Dataset entries
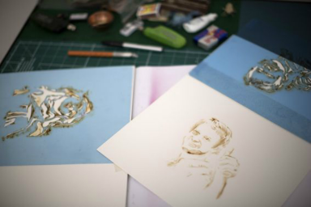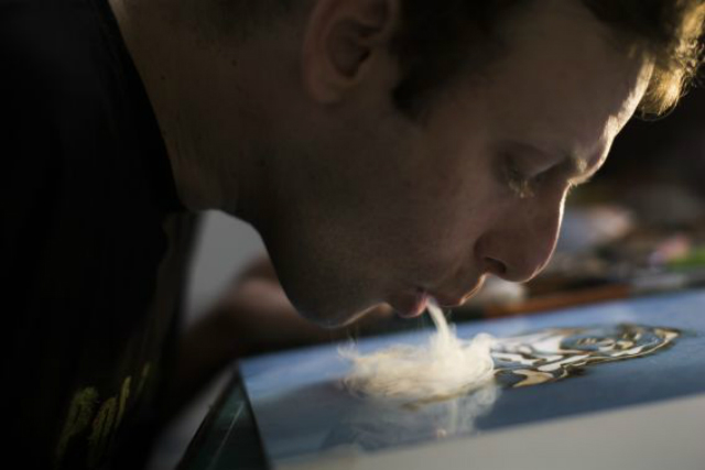 Se preguntaran cómo le hace, acá les explicamos. De la Rocque sopla el humo después de darle una fumada a su cigarro sobre unas plantillas precortadas que están puestas sobre un lienzo blanco, eso para la coloración de la pintura y darle sombreado a las áreas deseadas.
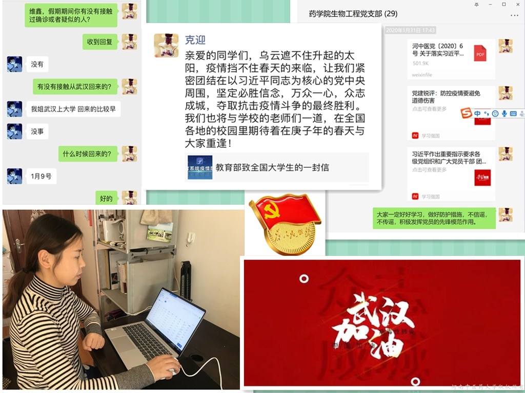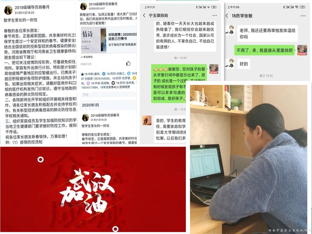 辅导员高巍每日必做的事情。她是几千名学生的老师,也是一位母亲。虽要照顾年幼的孩子,但仍旧按时完成上级交付的各项工作任务,落实学校疫情防控方案。同样带娃工作两不误的还有辅导员武永勇。他通过QQ群,电话等方式全面掌握学生动态,准确及时传达信息。她人在家,心却牵挂着学生们,辅导员克迎迎发挥学生党员的先锋模范作用,动员学生党支部的成员做好防护措施。疫情来临,各种问题也随之而来。辅导员胡春月建立家校合作机制,全天在线解答学生的疑问,全力做好服务保障工作。疫情之下,齐心协力是关键。辅导员王超提醒同学们要按照国家要求和当地政府、社区的统一规定做好防范,增强大局意识。辅导员李旭宁参与学生心理方面工作,与心理部共同为学生提供心理健康指导与心理疏导,引导学生正确对待疫情。高效工作是做好防疫工作的关键。辅导员张田丽总会在第一时间向学生传达学校通知,将"上情下达、下情上传"做实,做透。疫情来临,辅导员郝悦建议学生在家也要不断学习,锻炼身体,保持良好心态。组织高效,才能打胜仗。辅导员刘炳把学生干部充分动员起来,带动学生共同抗疫。从春节模式快速转入战疫模式的辅导员朱会宇,绷紧每根神经,牵挂每名学生,用实际行动支持着国家打赢防控阻击战。
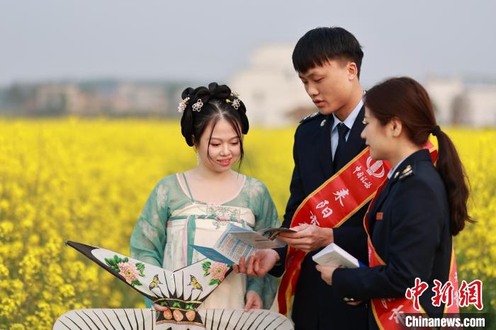 Two tax officials of Leiyang city, central China's Hunan Province explain policies to a visitor in a rapeseed field. (Photo/Liu Wentao)
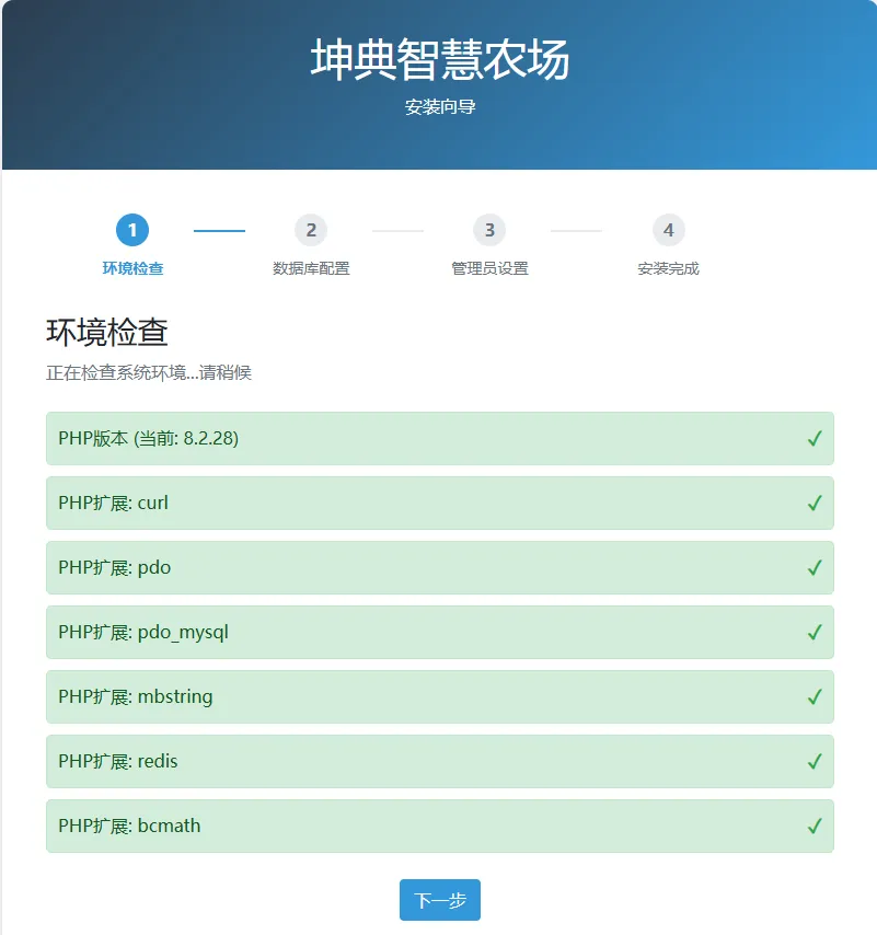 申请ssl证书,访问安装页面域名+/admin/install 完成之前所有步骤后会显示出以下页面
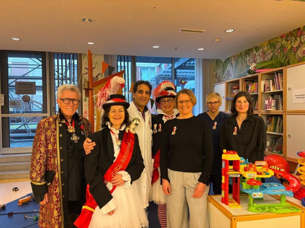Frau Weber, Präsidentin und 1. Vorsitzende des Vereins 1. Kölsche Aape-Sitzung e.V. war gemeinsam mit Anke Blaeser und Peter Schmitz-Hellwig zu Besuch im Herzzentrum der Uniklinik Köln. Empfangen wurden sie von Herrn Professor Dr. Markus Khalil, Frau Dr. Jennifer Kramp, Frau Sarah Haubeck und Frau Larissa Zecha.

## Description of the task
Each line from the first line of the data above through the one containing "辅导员高巍每日必做的事情。她" must be set down exactly; the pictures must not be.

## Answer box
 Se preguntaran cómo le hace, acá les explicamos. De la Rocque sopla el humo después de darle una fumada a su cigarro sobre unas plantillas precortadas que están puestas sobre un lienzo blanco, eso para la coloración de la pintura y darle sombreado a las áreas deseadas.
 辅导员高巍每日必做的事情。她是几千名学生的老师,也是一位母亲。虽要照顾年幼的孩子,但仍旧按时完成上级交付的各项工作任务,落实学校疫情防控方案。同样带娃工作两不误的还有辅导员武永勇。他通过QQ群,电话等方式全面掌握学生动态,准确及时传达信息。她人在家,心却牵挂着学生们,辅导员克迎迎发挥学生党员的先锋模范作用,动员学生党支部的成员做好防护措施。疫情来临,各种问题也随之而来。辅导员胡春月建立家校合作机制,全天在线解答学生的疑问,全力做好服务保障工作。疫情之下,齐心协力是关键。辅导员王超提醒同学们要按照国家要求和当地政府、社区的统一规定做好防范,增强大局意识。辅导员李旭宁参与学生心理方面工作,与心理部共同为学生提供心理健康指导与心理疏导,引导学生正确对待疫情。高效工作是做好防疫工作的关键。辅导员张田丽总会在第一时间向学生传达学校通知,将"上情下达、下情上传"做实,做透。疫情来临,辅导员郝悦建议学生在家也要不断学习,锻炼身体,保持良好心态。组织高效,才能打胜仗。辅导员刘炳把学生干部充分动员起来,带动学生共同抗疫。从春节模式快速转入战疫模式的辅导员朱会宇,绷紧每根神经,牵挂每名学生,用实际行动支持着国家打赢防控阻击战。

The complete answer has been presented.